It’s been over a year since I’ve blogged on anything from the Harvard Business Review. For business intelligence, big data and analytics relevance, the more tech-focused MIT Sloan Management Review’s probably a better bet at this point. But every now and then HBR hits the evidence-based mark with an article that can have a big influence on our discipline.

Like many HBR editions, September 2012 revolves on business strategy, the Editor’s introduction articulating the challenge of a “Proper Theory of Business (is) to marry empirical rigor with creative thinking.” Included in the spotlight is an intriguing piece entitled “Bringing Science to the Art of Strategy,” written by several B-school academics and the former chairman and CEO of Procter & Gamble. A credible team it would seem.

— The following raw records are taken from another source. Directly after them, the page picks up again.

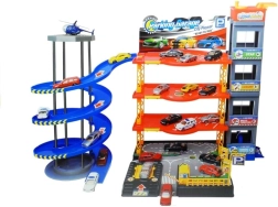 Acest garaj modern și colorat cu mai multe nivele este proiectat pentru a oferi distracție de lungă durată copiilor. Cu mașini de stațiune în diverse culori și un elicopter, copilul dvs. poate juca diverse scenarii, de la parcare la plimbări palpitante pe rampa spiralată.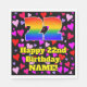 This happy and joyful birthday themed paper napkin design features a large number “22” with a rainbow spectrum gradient inspired pattern, along with the message “Happy 22nd Birthday,”, and a personalised name. The background features a pattern of heart shapes with colours like purple, red, and pink. Cheerful, happy paper napkins like this might be fun to have at a birthday celebration/party being held to honour somebody’s 22nd birthday. [~Z0000550]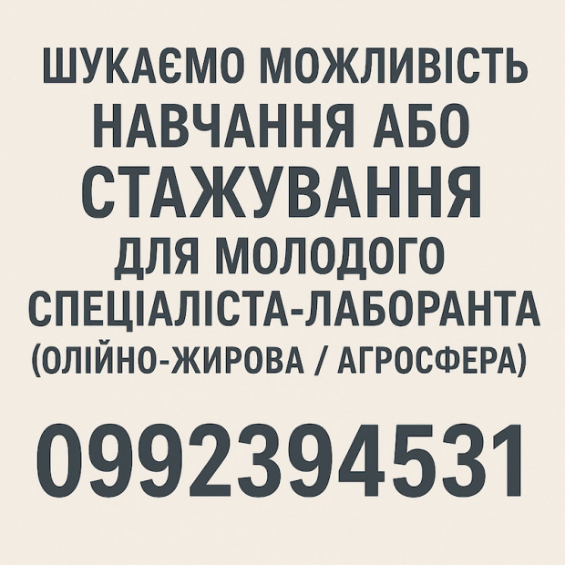 Шукаємо можливість навчання або стажування для молодого спеціаліста-лаборанта (олійно-жирова / агросфера)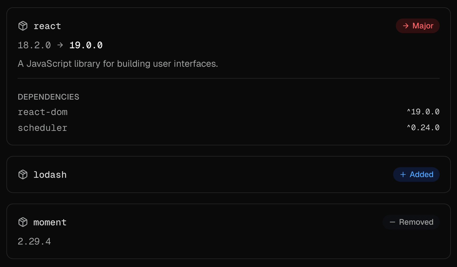 The PackageInfo component displays package dependency information including version changes and change type badges.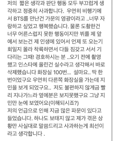 "물론 도촬한건 너무 어른스럽지 못한 행동이지만 뷔가 제앞에서 보는건 제 인생에 있어서 언제 또 오는 기회일지 몰라 착륙하면서 다들 짐갖고 서서 기다리는 그때! 경호하시는 분.. 오기 전에 촬영했고 인스타에 올린건 실수라고 생각해섯 바로 삭제했습니다.. 화장실에 100번..설마요.. 딱 한번이었고 우연히 다른 쪽 화장실을 가는데 지민을 보게 됐구요.

I’ve authored several articles on the collaboration of strategy and science, cleverly naming the fusion “the science of business.” In fact, my “Science of Business Manifesto” does little more than steal from Kaplan and Norton’s classic “The Balanced Scorecard” which “builds upon the premise of strategy as hypotheses. Strategy implies the movement of an organization from its present position to a desirable but uncertain future position. Because the organization has never been to this future position, its intended pathway involves a series of linked hypotheses to be described as a set of cause-and-effect relationships that are explicit and testable. Further, the strategic hypotheses require identifying the activities that are the drivers (or lead indicators) of the desired outcomes (lag indicators).”

“Bringing Science to the Art of Strategy” expands on this notion, detailing a methodology for hypotheses-driven strategy development. The authors’ point of departure is that traditional strategic planning is broken, and actually perpetuates the status quo rather than produce new strategies. The reason? Conventional strategic planning is not scientific, lacking rigorous hypotheses and tests of same. “It is though modern strategic planning decided to be scientific but then chopped off essential elements of science.”

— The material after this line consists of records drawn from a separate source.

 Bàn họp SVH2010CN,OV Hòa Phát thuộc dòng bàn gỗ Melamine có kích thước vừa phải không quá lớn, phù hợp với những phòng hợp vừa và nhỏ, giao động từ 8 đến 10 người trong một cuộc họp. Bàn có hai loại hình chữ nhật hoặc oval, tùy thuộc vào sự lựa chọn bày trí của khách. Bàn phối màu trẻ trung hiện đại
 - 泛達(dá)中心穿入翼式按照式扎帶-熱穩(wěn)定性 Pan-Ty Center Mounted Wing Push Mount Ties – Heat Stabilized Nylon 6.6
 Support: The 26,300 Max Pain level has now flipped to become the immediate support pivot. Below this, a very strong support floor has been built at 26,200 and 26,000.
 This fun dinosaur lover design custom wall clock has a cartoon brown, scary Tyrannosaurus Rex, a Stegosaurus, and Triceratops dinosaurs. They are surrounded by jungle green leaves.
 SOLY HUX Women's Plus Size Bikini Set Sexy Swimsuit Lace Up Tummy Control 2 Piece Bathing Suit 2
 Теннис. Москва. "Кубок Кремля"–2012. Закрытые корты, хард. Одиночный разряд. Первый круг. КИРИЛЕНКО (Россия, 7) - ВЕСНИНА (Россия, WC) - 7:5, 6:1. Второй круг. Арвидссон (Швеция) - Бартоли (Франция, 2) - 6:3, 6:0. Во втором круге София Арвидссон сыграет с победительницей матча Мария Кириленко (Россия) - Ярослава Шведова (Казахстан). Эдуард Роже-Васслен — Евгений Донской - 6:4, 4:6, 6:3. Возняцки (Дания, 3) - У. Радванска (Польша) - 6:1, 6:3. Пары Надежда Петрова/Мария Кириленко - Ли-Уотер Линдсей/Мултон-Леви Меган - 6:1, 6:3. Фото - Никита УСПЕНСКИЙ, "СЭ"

The 7-step approach the authors propose starts with the “recognition that the organization must make a choice and that the choice has consequences.” In response to the choice comes formulation of two or more possibilities, or well-specified hypotheses, asking what must be true for them to be credible. “The need for a choice drives consideration of the wide range of possibilities to consider.”  The status quo of no change should be among those possibilities.

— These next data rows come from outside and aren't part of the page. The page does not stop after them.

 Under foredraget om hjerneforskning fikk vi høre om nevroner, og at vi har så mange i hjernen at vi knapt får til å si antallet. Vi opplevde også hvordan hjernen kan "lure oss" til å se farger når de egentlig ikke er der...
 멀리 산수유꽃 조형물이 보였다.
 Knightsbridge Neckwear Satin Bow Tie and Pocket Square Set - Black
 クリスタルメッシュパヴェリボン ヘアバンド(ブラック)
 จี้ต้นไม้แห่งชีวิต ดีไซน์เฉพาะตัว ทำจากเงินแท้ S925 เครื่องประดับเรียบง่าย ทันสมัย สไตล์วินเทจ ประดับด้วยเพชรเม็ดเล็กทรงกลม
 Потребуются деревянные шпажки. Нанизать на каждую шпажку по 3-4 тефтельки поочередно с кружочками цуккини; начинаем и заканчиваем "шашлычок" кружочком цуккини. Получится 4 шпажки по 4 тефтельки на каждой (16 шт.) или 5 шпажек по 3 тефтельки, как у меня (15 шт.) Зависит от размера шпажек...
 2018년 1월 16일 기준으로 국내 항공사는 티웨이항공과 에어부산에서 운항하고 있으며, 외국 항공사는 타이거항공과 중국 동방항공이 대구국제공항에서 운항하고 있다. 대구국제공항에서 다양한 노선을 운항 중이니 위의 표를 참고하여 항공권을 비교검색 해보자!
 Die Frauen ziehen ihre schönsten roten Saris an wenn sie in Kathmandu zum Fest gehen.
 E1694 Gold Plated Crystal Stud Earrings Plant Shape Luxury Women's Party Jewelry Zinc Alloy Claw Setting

As an illustration, the authors cite P&G’s 1990’s contemplation of entry into the beauty care market, where it lacked a skin care brand. Strategic possibilities to meet the felt need included going up-market with Oil of Olay, purchasing Clinique from Estee Lauder, or extending its Cover Girl brand into skin care.

Once the possibilities have been delineated, the methodology specifies the conditions for success – what must be true each possibility to be credible. This step does not discuss what is true, but rather what would have to be true for the possibility to be viable.  

Step 4 identifies barriers to success, sorting conditions according to their likelihood. “The ideal output is an ordered list of barriers to each possibility,” several of which are cause for concern.

At this point in the process, BI and performance measurement come into play as tests are designed on the barrier conditions. Prospective tests might involve analysis of existing company data, the conduct of customer surveys, focus group inquiries or other methods. A critical success factor is that all involved “believe that the test is valid and can form the basis for rejecting the possibility in question or generating commitment to it.”

After the testing methodology’s identified, the tests must, of course, be conducted. The authors recommend that the “testers” be from outside the strategy group – and focus on testing only, not on revisiting conditions. With the P&G beauty care example, “the most challenging condition for the Olay masstige possibility related to pricing.” Hypotheses-driven tests examined premium price points between $12.99 and $18.99 with very different – and unexpected – results: $12.99 was really good, $15.99 was mediocre, and $18.99 was great.

With the possibility-based methodology, the final “the choice-making step becomes simple, even anticlimactic. The group needs only to review the analytical test results and choose the possibility the faces the fewest serious barriers.” In the P&G illustration, the company ended up following the methodology to its logical conclusion, “deciding to launch an upmarket product called Olay Total Effects for $18.99,” transforming a mass market product “into a prestige-like product line at a price point close to that of department store brands.”

I like the possibilities-based strategy development methodology. It’s sensible to me, making strategy seem less artsy and more scientific – evidence-based. The connections to business intelligence/performance management are strong, especially with the data-driven design and conduct of condition tests.  At the end of the day, I guess what I like most is that in the experts versus analytics continuum, PBS pushes the needle towards the latter!